REQUIRED ACTION: Nothing but an exact repeat of the data, with pictures removed, belongs in the answer.

THE DATA:
::::::
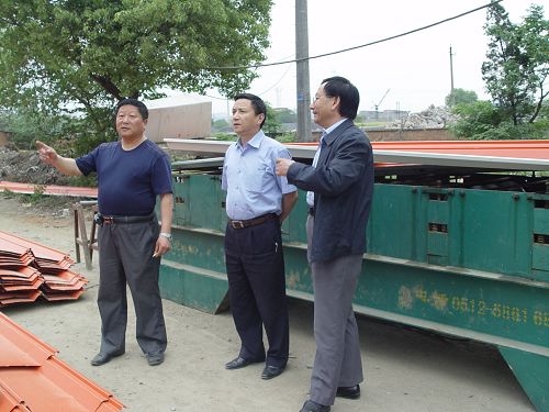 王建国总经理深入现场,认真仔细查看了现场钢结构制作质量、吊装情况,在详细了解了库区建设设计、库区建设进度及仓储市场前景和建成后的经营准备工作等事宜后,对工程建设提出了加快进度、注重质量、注意安全的具体要求。
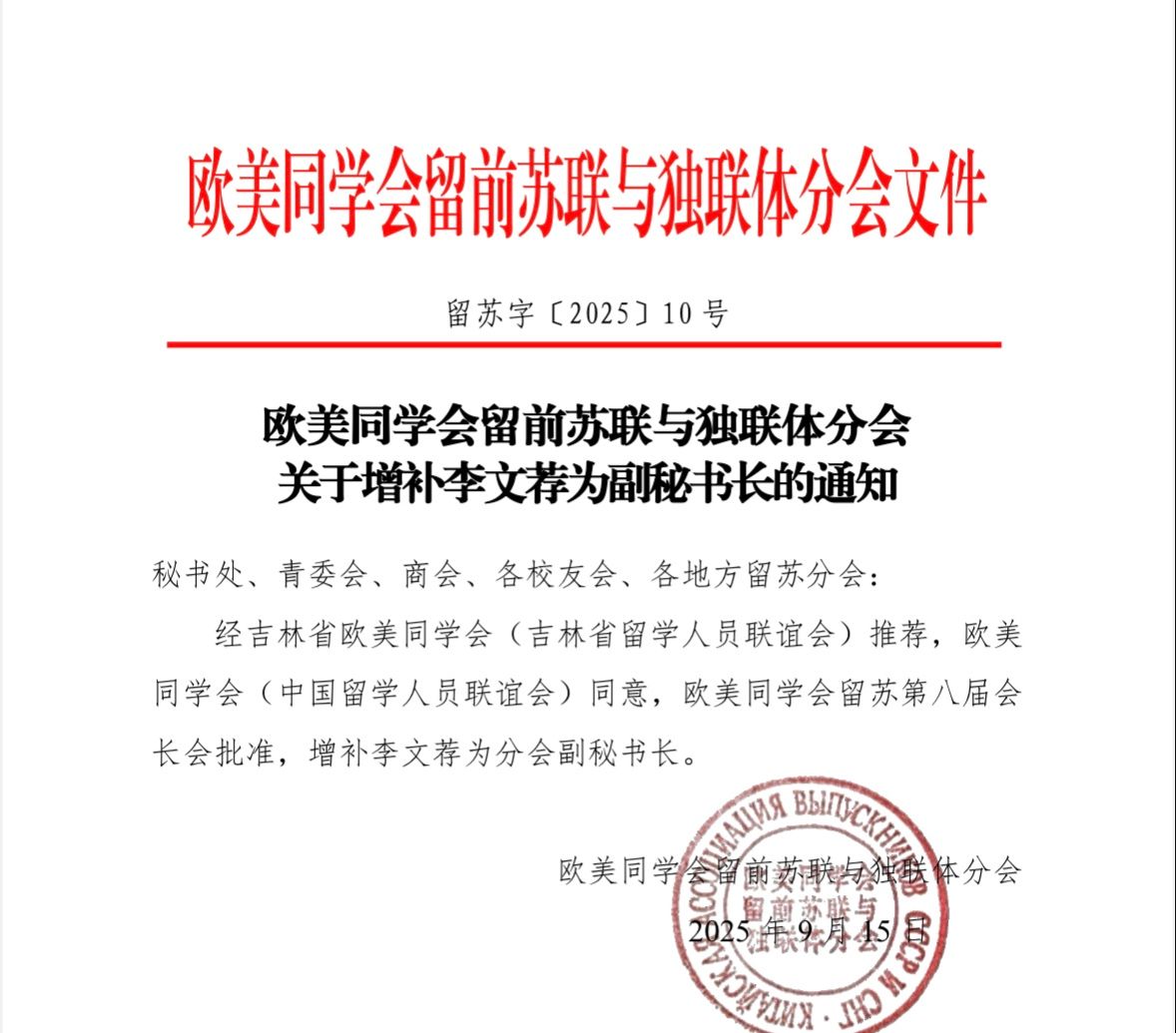 近日,经吉林省欧美同学会(留学人员联谊会)推荐,欧美同学会(中国留学人员联谊会)留前苏联与独联体分会(简称“留苏分会”)增补学校欧美同学会会员李文荐为分会副秘书长。
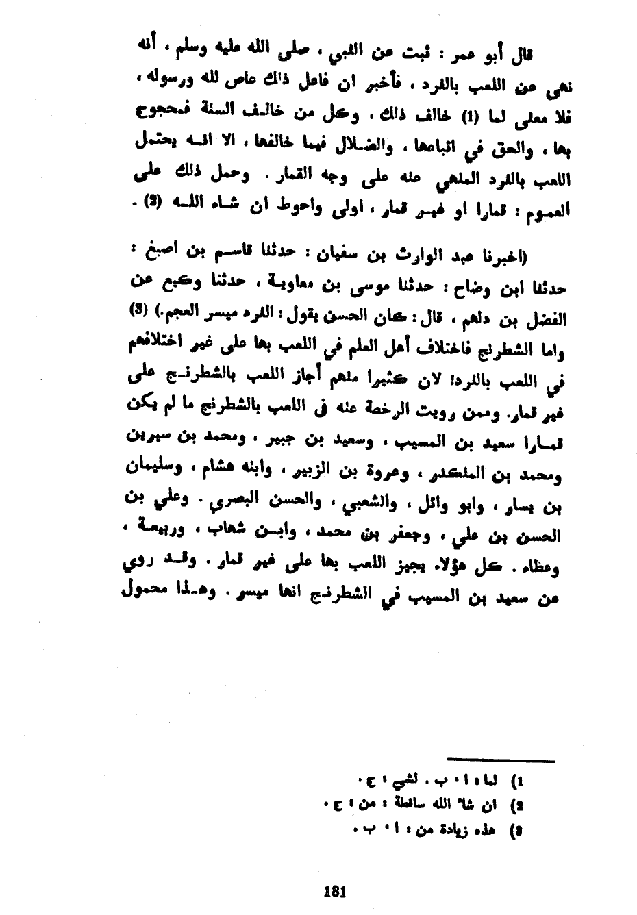 قَالَ أَبُو عُمَرَ ثَبَتَ عَنِ النَّبِيِّ صَلَّى اللَّهُ عَلَيْهِ وَسَلَّمَ أَنَّهُ نَهَى عَنِ اللَّعِبِ بِالنَّرْدِ فَأَخْبَرَ أَنَّ فَاعِلَ ذَلِكَ عَاصٍ لِلَّهِ وَرَسُولِهِ فَلَا مَعْنَى لِمَا خَالَفَ ذَلِكَ وَكُلُّ مَنْ خَالَفَ السُّنَّةَ فَمَحْجُوجٌ بِهَا وَالْحَقُّ فِي اتِّبَاعِهَا وَالضَّلَالُ فِيمَا خَالَفَهَا إِلَّا أَنَّهُ يُحْتَمَلُ اللَّعِبُ بِالنَّرْدِ الْمَنْهِيِّ عَنْهُ عَلَى وَجْهِ الْقِمَارِ وَحَمْلُ ذَلِكَ عَلَى الْعُمُومِ قِمَارًا أَوْ غَيْرَ قِمَارٍ أَوْلَى وَأَحْوَطُ إِنْ شَاءَ اللَّهُ (أَخْبَرَنَا عَبْدُ الْوَارِثِ بْنُ سُفْيَانَ حَدَّثَنَا قَاسِمُ بْنُ أَصْبَغَ حَدَّثَنَا ابْنُ وَضَّاحٍ حَدَّثَنَا مُوسَى بْنُ مُعَاوِيَةَ حَدَّثَنَا وَكِيعٌ عَنِ الْفَضْلِ بْنِ دَلْهَمٍ قَالَ كَانَ الْحَسَنُ يَقُولُ النَّرْدُ مَيْسِرُ الْعَجَمِ) وَأَمَّا الشَّطْرَنْجُ فَاخْتِلَافُ أَهْلِ الْعِلْمِ فِي اللَّعِبِ بِهَا عَلَى غَيْرِ اخْتِلَافِهِمْ فِي اللَّعِبِ بِالنَّرْدِ لأن كثيرا منهم أجاز اللَّعِبِ بِالشَّطْرَنْجِ مَا لَمْ يَكُنْ قِمَارًا سَعِيدُ بْنُ الْمُسَيَّبِ وَسَعِيدُ بْنُ جُبَيْرٍ وَمُحَمَّدُ بْنُ سِيرِينَ وَمُحَمَّدُ بْنُ الْمُنْكَدِرِ وَعُرْوَةُ بْنُ الزُّبَيْرِ وَابْنُهُ هِشَامٌ وَسُلَيْمَانُ بْنُ يَسَارٍ وَأَبُو وَائِلٍ وَالشَّعْبِيُّ وَالْحَسَنُ الْبَصْرِيُّ وَعَلِيُّ بْنُ الْحَسَنِ بْنِ عَلِيٍّ وَجَعْفَرُ بْنُ مُحَمَّدٍ وَابْنُ شِهَابٍ وَرَبِيعَةُ وَعَطَاءٌ كُلُّ هَؤُلَاءِ يُجِيزُ اللَّعِبَ بِهَا عَلَى غَيْرِ قِمَارٍ وَقَدْ رُوِيَ عَنْ سَعِيدِ بْنِ الْمُسَيَّبِ فِي الشَّطْرَنْجِ أَنَّهَا مَيْسِرٌ وَهَذَا مَحْمُولٌ
::::::
SOLUTION TO THIS PROBLEM:
 王建国总经理深入现场,认真仔细查看了现场钢结构制作质量、吊装情况,在详细了解了库区建设设计、库区建设进度及仓储市场前景和建成后的经营准备工作等事宜后,对工程建设提出了加快进度、注重质量、注意安全的具体要求。
 近日,经吉林省欧美同学会(留学人员联谊会)推荐,欧美同学会(中国留学人员联谊会)留前苏联与独联体分会(简称“留苏分会”)增补学校欧美同学会会员李文荐为分会副秘书长。
 قَالَ أَبُو عُمَرَ ثَبَتَ عَنِ النَّبِيِّ صَلَّى اللَّهُ عَلَيْهِ وَسَلَّمَ أَنَّهُ نَهَى عَنِ اللَّعِبِ بِالنَّرْدِ فَأَخْبَرَ أَنَّ فَاعِلَ ذَلِكَ عَاصٍ لِلَّهِ وَرَسُولِهِ فَلَا مَعْنَى لِمَا خَالَفَ ذَلِكَ وَكُلُّ مَنْ خَالَفَ السُّنَّةَ فَمَحْجُوجٌ بِهَا وَالْحَقُّ فِي اتِّبَاعِهَا وَالضَّلَالُ فِيمَا خَالَفَهَا إِلَّا أَنَّهُ يُحْتَمَلُ اللَّعِبُ بِالنَّرْدِ الْمَنْهِيِّ عَنْهُ عَلَى وَجْهِ الْقِمَارِ وَحَمْلُ ذَلِكَ عَلَى الْعُمُومِ قِمَارًا أَوْ غَيْرَ قِمَارٍ أَوْلَى وَأَحْوَطُ إِنْ شَاءَ اللَّهُ (أَخْبَرَنَا عَبْدُ الْوَارِثِ بْنُ سُفْيَانَ حَدَّثَنَا قَاسِمُ بْنُ أَصْبَغَ حَدَّثَنَا ابْنُ وَضَّاحٍ حَدَّثَنَا مُوسَى بْنُ مُعَاوِيَةَ حَدَّثَنَا وَكِيعٌ عَنِ الْفَضْلِ بْنِ دَلْهَمٍ قَالَ كَانَ الْحَسَنُ يَقُولُ النَّرْدُ مَيْسِرُ الْعَجَمِ) وَأَمَّا الشَّطْرَنْجُ فَاخْتِلَافُ أَهْلِ الْعِلْمِ فِي اللَّعِبِ بِهَا عَلَى غَيْرِ اخْتِلَافِهِمْ فِي اللَّعِبِ بِالنَّرْدِ لأن كثيرا منهم أجاز اللَّعِبِ بِالشَّطْرَنْجِ مَا لَمْ يَكُنْ قِمَارًا سَعِيدُ بْنُ الْمُسَيَّبِ وَسَعِيدُ بْنُ جُبَيْرٍ وَمُحَمَّدُ بْنُ سِيرِينَ وَمُحَمَّدُ بْنُ الْمُنْكَدِرِ وَعُرْوَةُ بْنُ الزُّبَيْرِ وَابْنُهُ هِشَامٌ وَسُلَيْمَانُ بْنُ يَسَارٍ وَأَبُو وَائِلٍ وَالشَّعْبِيُّ وَالْحَسَنُ الْبَصْرِيُّ وَعَلِيُّ بْنُ الْحَسَنِ بْنِ عَلِيٍّ وَجَعْفَرُ بْنُ مُحَمَّدٍ وَابْنُ شِهَابٍ وَرَبِيعَةُ وَعَطَاءٌ كُلُّ هَؤُلَاءِ يُجِيزُ اللَّعِبَ بِهَا عَلَى غَيْرِ قِمَارٍ وَقَدْ رُوِيَ عَنْ سَعِيدِ بْنِ الْمُسَيَّبِ فِي الشَّطْرَنْجِ أَنَّهَا مَيْسِرٌ وَهَذَا مَحْمُولٌ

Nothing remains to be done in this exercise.